This article is primarily of interest to fellow eggheads like me who want to understand more about the mechanics of pattern matching streams using finite automata. In this case, I propose an improved algorithm for converting automatons into regular expressions that can be used to recreate them. The regular expressions created using this algorithm are more readable than those using the vanilla state-removal algorithm.
Introduction
Licensing
The code presented here is MIT licensed, but the concepts I outline are public domain. You are welcome to use those concepts without attribution (although it is appreciated) but if you use the code or derive code from it, then the MIT license applies.
Software Prerequisites
In order to render the state graphs, GraphViz is required. You can download it here.
What is This All About?
Ultimately, this is about regular expressions, which are implemented using state machines. The most common algorithm for converting a regular expression into a state machine - Thompson's construction followed by subset construction - is well known. There are also three less well known, but viable algorithms for converting one of these state machines back into a regular expression. This article is an exploration and improvement of one of these.
Why Do it at All?
There are several reasons you may want to convert an finite automata based state machine back into a regular expression:
- Debugging: It makes it far easier to look at a machine or a subset of a machine as a more human readable regular expression string than it does a state object graph.

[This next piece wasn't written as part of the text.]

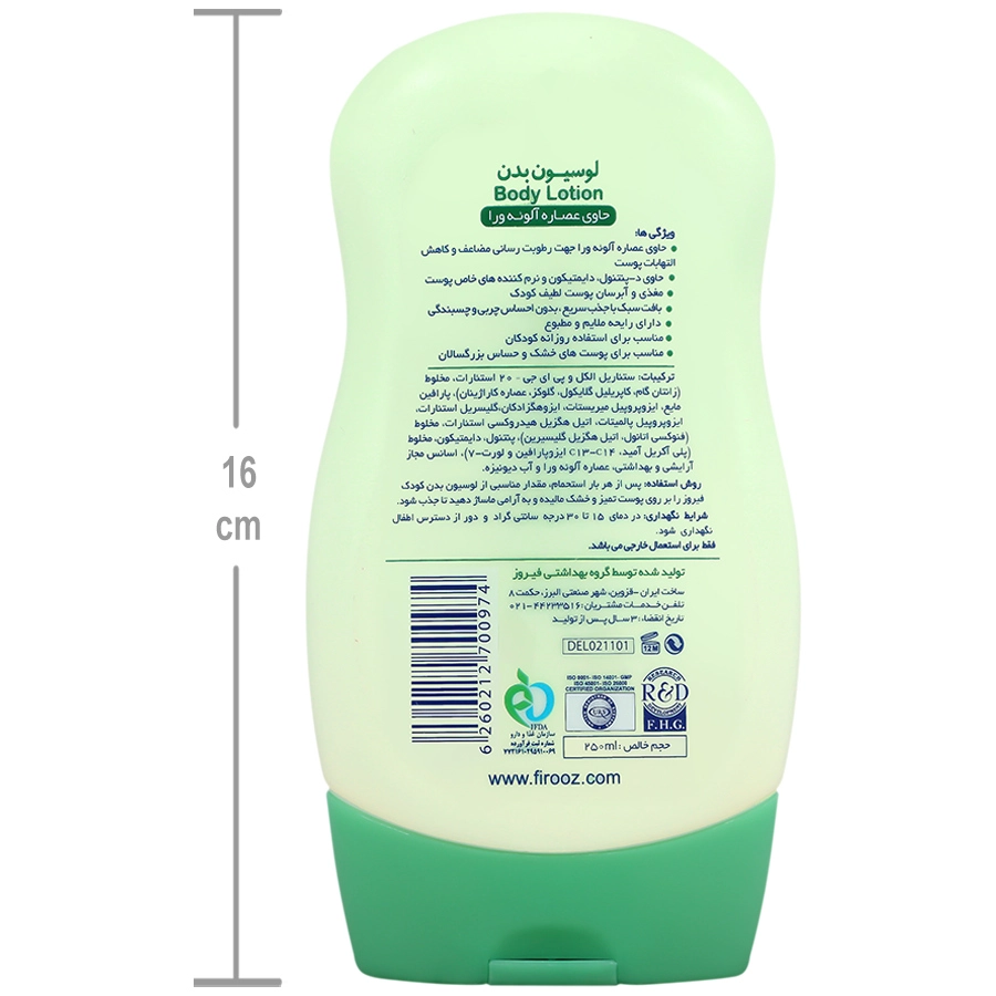 پس از هر بار استحمام، مقدار مناسبی از لوسیون بدن کودک فیروز را بر روی پوست تمیز و خشک مالیده و به آرامی ماساژ دهید تا جذب شود.

- Display: Particularly when dealing with subsets of a machine, like when building lexer code, or when rendering a state graph, being able to produce those subsets as regular expressions makes for readable presentation of those machine subsets.
- "Decompilation": Occasionally, you might run into binary file representations of state machines, like those produced by Gold Parser. Using this algorithm, you can turn those prebaked state machines back into an approximation of the regular expression that was used to create them. (It may not be the exact same expression, but it will match the same text.)
- Converting DFAs back to NFAs: The use case for this is narrow, because all DFAs are also NFAs (though the reverse is not true). However, it may be useful for comparing graphs, or displaying graphs. This is probably the best DFA to NFA conversion algorithm out there because it is holistic - it converts DFA constructs back into Thompson constructions that created them in the first place, which are then reflected in the NFA. Other algorithms do not.
- Curiosity: Even without my improvements, the FA state removal algorithm is interesting, and understanding it can help you become more familiar with the workings of regular expressions and pattern matching.
Background
We're not going to focus on matching code here. This is all about converting regular expressions to and from state machines. That being said, the engine is complete enough that it can simply be extended to do matching pretty easily.
We're going to represent a state in a state machine as a class. The class has an integer accept symbol id and a list of transitions to more instances of that class. Each transition in the list contains a minimum codepoint, a maximum codepoint, and a destination state. The minimum and maximum together indicate a range of matching codepoints in order to make Unicode matching realistic.
We'll be augmenting the state removal method for converting a state machine into a regular expression.
The idea with this technique in its vanilla form is each transition in a state machine is marked by part of a regular expression instead of a codepoint range. You remove states one at a time, and as you remove them, you augment the existing expressions that lead to them until you wind up with a single transition from a root state that contains the expression that represents the entire machine. See the link for the particulars.
In the vanilla algorithm, the expression is represented by a string which gets concatenated to as needed.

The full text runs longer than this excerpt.